▼

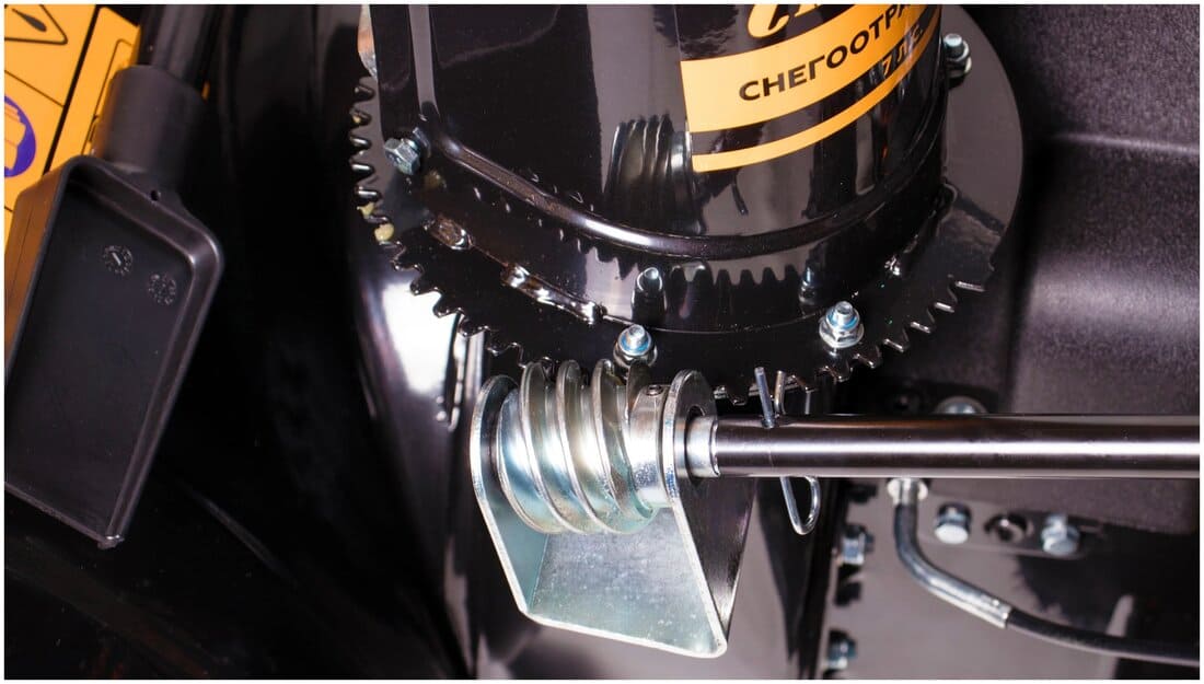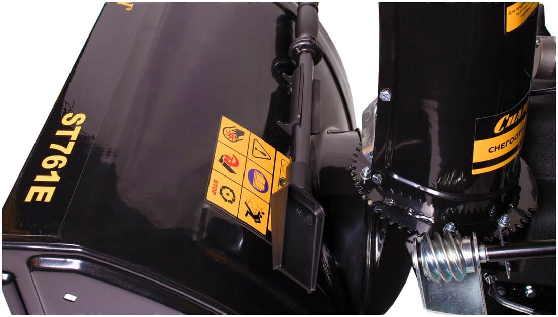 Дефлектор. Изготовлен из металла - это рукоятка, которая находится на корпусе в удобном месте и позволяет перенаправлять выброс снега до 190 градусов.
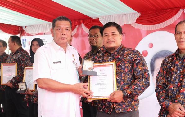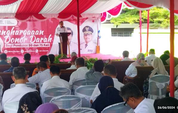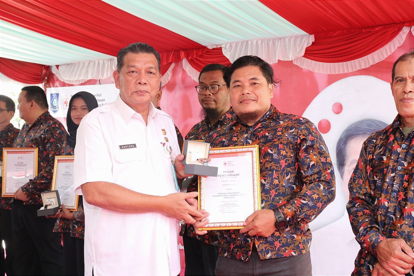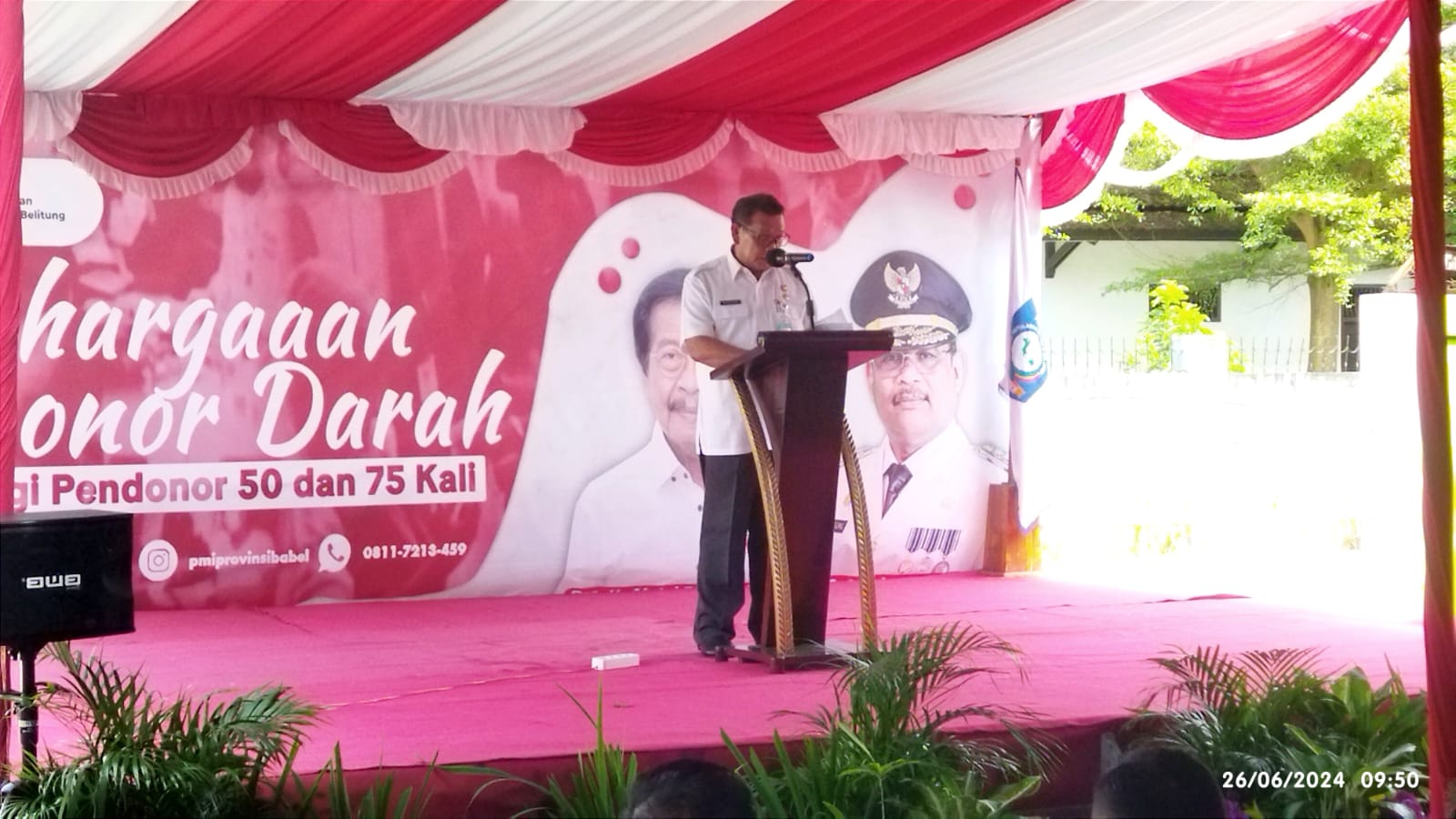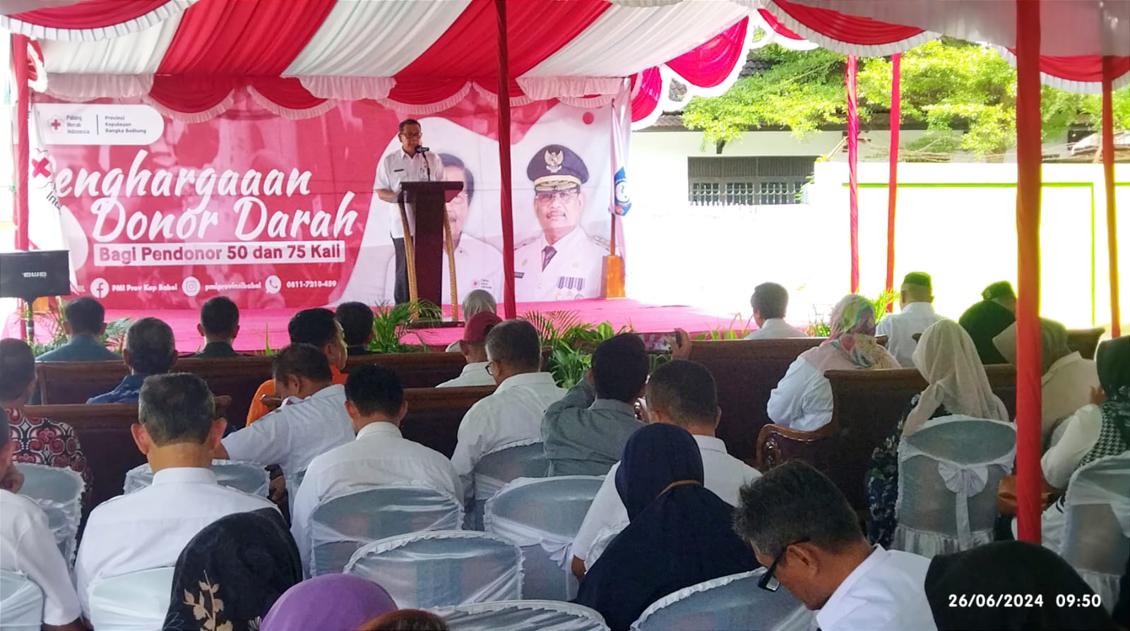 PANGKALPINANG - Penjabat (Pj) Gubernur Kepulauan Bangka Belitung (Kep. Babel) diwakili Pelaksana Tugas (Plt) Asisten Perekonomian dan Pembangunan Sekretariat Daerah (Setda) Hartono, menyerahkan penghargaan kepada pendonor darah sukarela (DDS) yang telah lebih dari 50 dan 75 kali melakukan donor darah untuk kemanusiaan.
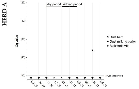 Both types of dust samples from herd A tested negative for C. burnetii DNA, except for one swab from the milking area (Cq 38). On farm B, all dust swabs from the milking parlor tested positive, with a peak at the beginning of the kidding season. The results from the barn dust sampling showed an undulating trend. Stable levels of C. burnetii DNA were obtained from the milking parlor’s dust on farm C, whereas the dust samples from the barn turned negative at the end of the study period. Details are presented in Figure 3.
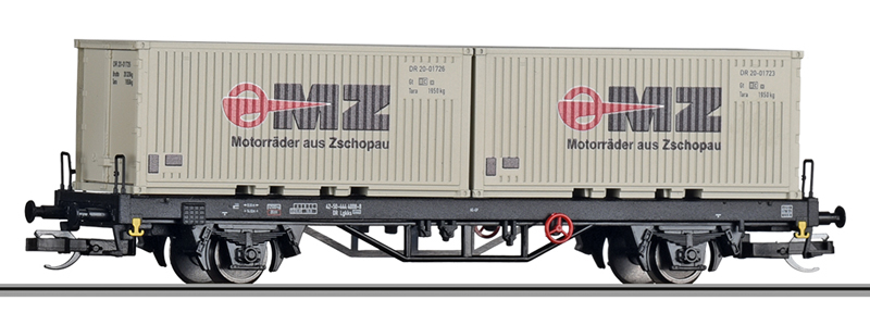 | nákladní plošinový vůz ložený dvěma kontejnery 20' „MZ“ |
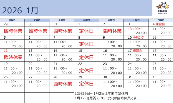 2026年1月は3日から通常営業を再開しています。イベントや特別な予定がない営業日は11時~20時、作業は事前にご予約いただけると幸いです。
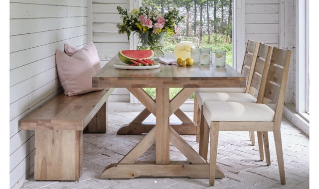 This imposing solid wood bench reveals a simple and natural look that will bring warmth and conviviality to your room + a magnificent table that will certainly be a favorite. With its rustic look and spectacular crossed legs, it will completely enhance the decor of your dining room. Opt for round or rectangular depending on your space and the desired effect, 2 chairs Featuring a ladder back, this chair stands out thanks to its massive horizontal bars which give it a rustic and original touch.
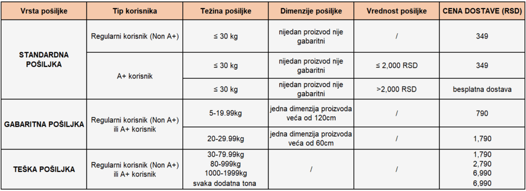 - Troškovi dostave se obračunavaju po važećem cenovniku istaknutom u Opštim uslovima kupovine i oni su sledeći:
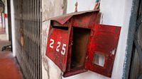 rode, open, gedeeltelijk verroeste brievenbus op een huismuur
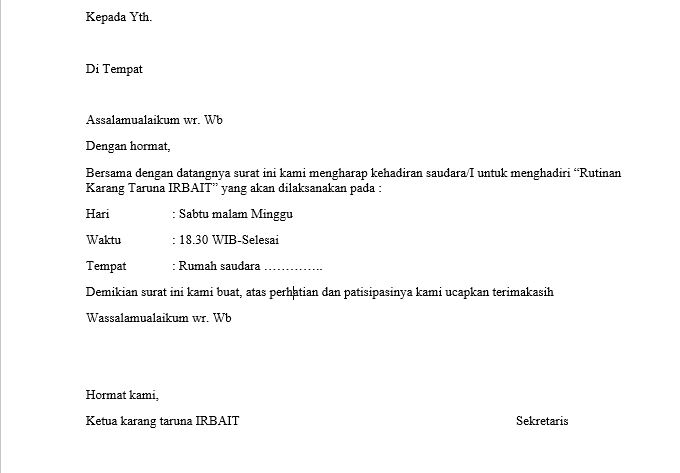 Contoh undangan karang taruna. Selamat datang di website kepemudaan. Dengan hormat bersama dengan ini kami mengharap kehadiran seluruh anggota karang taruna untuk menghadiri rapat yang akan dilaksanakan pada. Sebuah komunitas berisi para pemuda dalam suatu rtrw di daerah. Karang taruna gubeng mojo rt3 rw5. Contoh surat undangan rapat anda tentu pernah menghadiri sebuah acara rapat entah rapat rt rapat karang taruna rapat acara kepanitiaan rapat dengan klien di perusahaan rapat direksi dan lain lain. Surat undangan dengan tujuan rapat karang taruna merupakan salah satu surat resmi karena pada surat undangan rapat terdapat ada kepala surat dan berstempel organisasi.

▲
▼

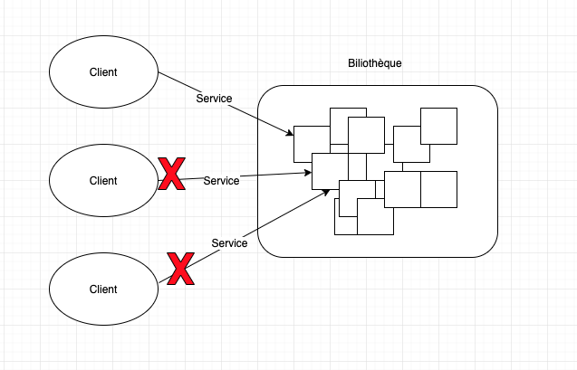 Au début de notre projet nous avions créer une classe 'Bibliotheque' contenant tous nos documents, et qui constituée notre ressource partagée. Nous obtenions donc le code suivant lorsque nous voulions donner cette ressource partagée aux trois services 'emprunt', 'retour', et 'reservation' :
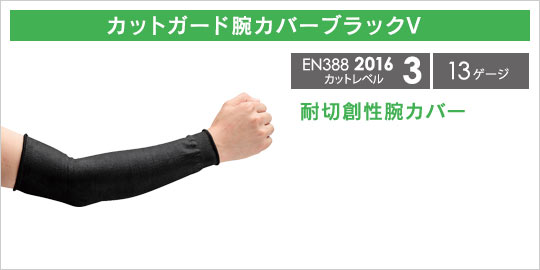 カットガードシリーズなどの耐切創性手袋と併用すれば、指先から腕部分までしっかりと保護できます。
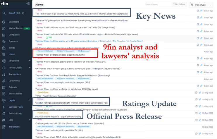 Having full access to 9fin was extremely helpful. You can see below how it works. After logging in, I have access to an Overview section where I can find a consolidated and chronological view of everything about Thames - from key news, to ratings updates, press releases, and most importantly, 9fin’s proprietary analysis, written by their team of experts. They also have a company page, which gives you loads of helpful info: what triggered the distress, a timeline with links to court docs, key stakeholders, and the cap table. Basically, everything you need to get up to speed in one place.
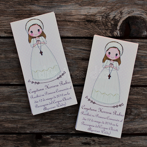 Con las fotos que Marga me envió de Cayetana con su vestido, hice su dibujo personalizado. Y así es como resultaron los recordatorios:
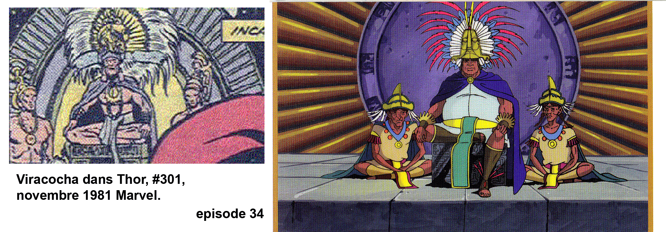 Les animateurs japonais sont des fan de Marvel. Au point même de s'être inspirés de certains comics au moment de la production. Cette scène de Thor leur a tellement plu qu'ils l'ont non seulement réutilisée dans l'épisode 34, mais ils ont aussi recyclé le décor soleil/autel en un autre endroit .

▲

__TASK REQUIREMENTS__. What is needed is an exact copy of the lines above, from the one holding "This imposing solid" down to the one holding "Contoh undangan karang", with those two included and the pictures left out.

__WRITTEN SOLUTION__.
 This imposing solid wood bench reveals a simple and natural look that will bring warmth and conviviality to your room + a magnificent table that will certainly be a favorite. With its rustic look and spectacular crossed legs, it will completely enhance the decor of your dining room. Opt for round or rectangular depending on your space and the desired effect, 2 chairs Featuring a ladder back, this chair stands out thanks to its massive horizontal bars which give it a rustic and original touch.
 - Troškovi dostave se obračunavaju po važećem cenovniku istaknutom u Opštim uslovima kupovine i oni su sledeći:
 rode, open, gedeeltelijk verroeste brievenbus op een huismuur
 Contoh undangan karang taruna. Selamat datang di website kepemudaan. Dengan hormat bersama dengan ini kami mengharap kehadiran seluruh anggota karang taruna untuk menghadiri rapat yang akan dilaksanakan pada. Sebuah komunitas berisi para pemuda dalam suatu rtrw di daerah. Karang taruna gubeng mojo rt3 rw5. Contoh surat undangan rapat anda tentu pernah menghadiri sebuah acara rapat entah rapat rt rapat karang taruna rapat acara kepanitiaan rapat dengan klien di perusahaan rapat direksi dan lain lain. Surat undangan dengan tujuan rapat karang taruna merupakan salah satu surat resmi karena pada surat undangan rapat terdapat ada kepala surat dan berstempel organisasi.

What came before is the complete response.